David regularly speaks at conferences and training programs and is available to speak on a variety of topics, including
- Mindfulness: What is it, how does it work and how will it change the future?
- Recovery from alcoholism: Maintaining sobriety and finding meaning
- Understanding addiction: From neurobiology to sobriety
- Interpreting the clinical literature: Workshop for medical professionals and members of the pharmaceutical industry. The purpose of the workshop is to enable delegates to identify bias, understand basic biostatistics and interpret the results of clinical studies and marketing material from a practical and clinically relevant point of view. Workshop duration is from 1 hour (e.g., for conferences) to 1 full day (full workshop with practical exercises), depending on requirements. To download a descriptive brochure (pdf), click here: Understanding clinical literature
- Training & educational presentations for various audiences including pharmaceutical employees, doctors and pharmacists (including CME); and public.
- Influential communication
- How to be the best pharmaceutical sales rep in the world
The Poetry of Addiction
An exploration into our common humanity
How could addiction possibly be a gift? And how could understanding it be something from which everyone could benefit?
To many of us, those questions might sound bizarre!
In active addiction, using drugs or alcohol is not a choice. The symptoms of addiction that we don’t talk about – hopelessness, depression, anxiety, fear, feelings of aloneness and isolation, and very importantly, anhedonia – an inability to find enjoyment in anticipation of life – trap us in a vicious cycle of using drugs and drinking. Life becomes devastatingly destructive, not only for the addict, but also for those around them.

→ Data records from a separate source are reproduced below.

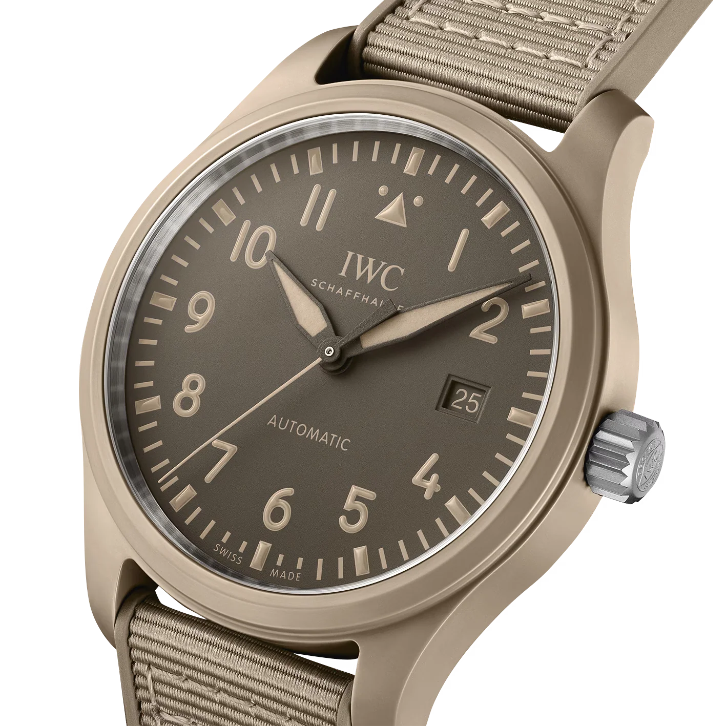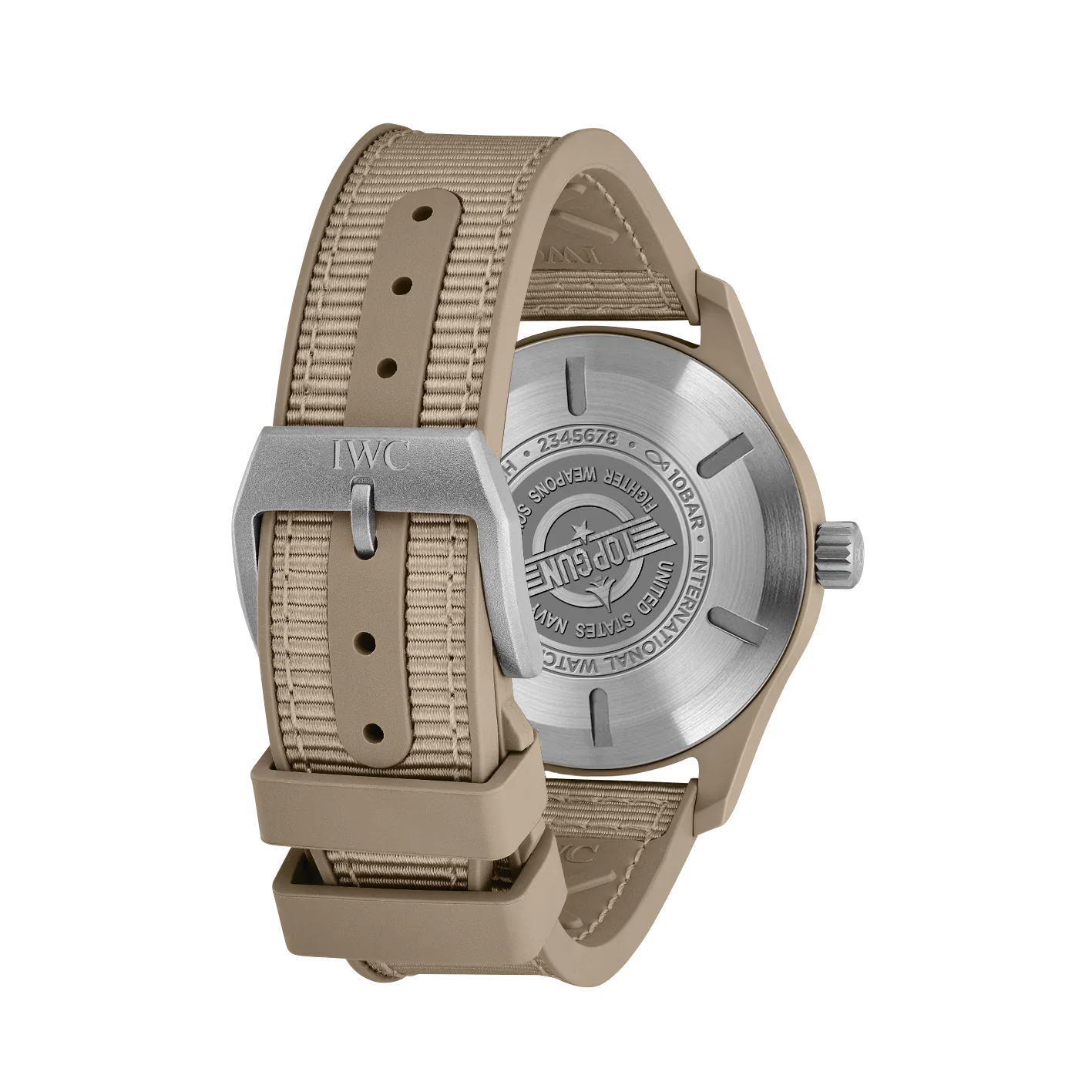 The Pilot’s Watch Automatic 41 TOP GUN Mojave Desert features a meticulously crafted 41-millimeter case made from sand-colored ceramic. The ceramic color “Mojave Desert” is inspired by Navy pilots’ flight suits and the desert landscape around the Naval Air Weapons Station China Lake, home to some of the Navy’s most skilled pilots. Engineering ceramics undergo a complex and highly sophisticated manufacturing process. It begins with powdered raw materials, which are shaped into a pre-form known as “green body” and then machined closer to the final geometry. The next step involves sintering the case at high temperatures in a kiln. During this heat process, ceramic obtains its unique properties like its extreme hardness and scratch-resistance. The distinctive earthy khaki hue is achieved by blending zirconium oxide with other metallic oxides in a precisely defined mixing ratio. The subdued brown dial features a minute scale and numerals in a muted tone, all coated with Super-LumiNova® to ensure perfect legibility in low light conditions. The Pilot’s Watch Automatic 41 TOP GUN Mojave Desert is powered by the IWC-manufactured 32112 calibre, a robust and precise automatic movement with a power reserve of 120 hours. It is fitted with a beige rubber strap with a textile inlay and a titanium pin buckle. The case back is crafted from titanium and features an engraving of the iconic “TOP GUN” logo.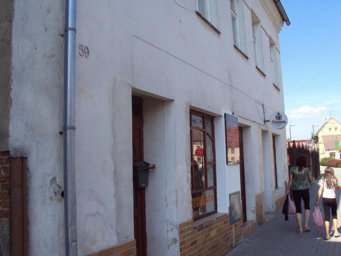 Keywords: Mimoň Mírová 59B.JPG cs Budova v Mírové ulici s česko-německou tabulí v dohledu náměstí 1 máje own Zákupák 2012-08-23 Mírová Mimoň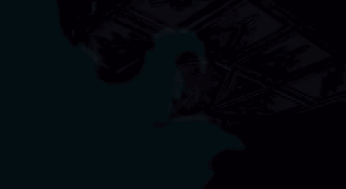 a cartoon character with glowing green eyes looks at the camera

And yet, are these feelings really so different from what everyone experiences from time to time? Perhaps addiction is actually just life amplified to the point of breaking.
So, if an addict is to remain sober, recovery from active addiction means more than just not using drugs or drinking. It means learning to live differently. Pursuing a new life in which we can find contentment and flourish.
Paradoxically, that does not demand that we change. It merely requires us to let go, so that we can grow into who we can be. To experience life from moment to moment and to find meaning in being present to each other. In sharing our common humanity. And anyone can learn to do that. That is why it works – and profoundly changes the course of our lives for the better.
This is the gift of addiction – being reduced to the point of despair where we are forced to face ourselves. Our own awareness and thinking. Our humanness. To take a different path.
Most other people never get that opportunity.
Through experience in recovery from addiction and work in clinical medicine and multinational corporate; and the privilege of guiding recovering addicts to a life with purpose and meaning, David shares with his audience a deep understanding of what it means to face being human. And how all of us can learn from addiction recovery. Intertwined with his honest and blunt, but deeply compassionate poetry, the deepest expression of experience, he explores why it is essential now, more than ever, that we re-establish our sense of common humanity and connection to others in a world where technology, social media, financial gain, discontent and growing inequality increasingly distance us from each other.
David’s poetry and experience of recovery are captured in his book, The Saint Of Travellers: A doctor’s journey through depression, addiction and into enlightenment.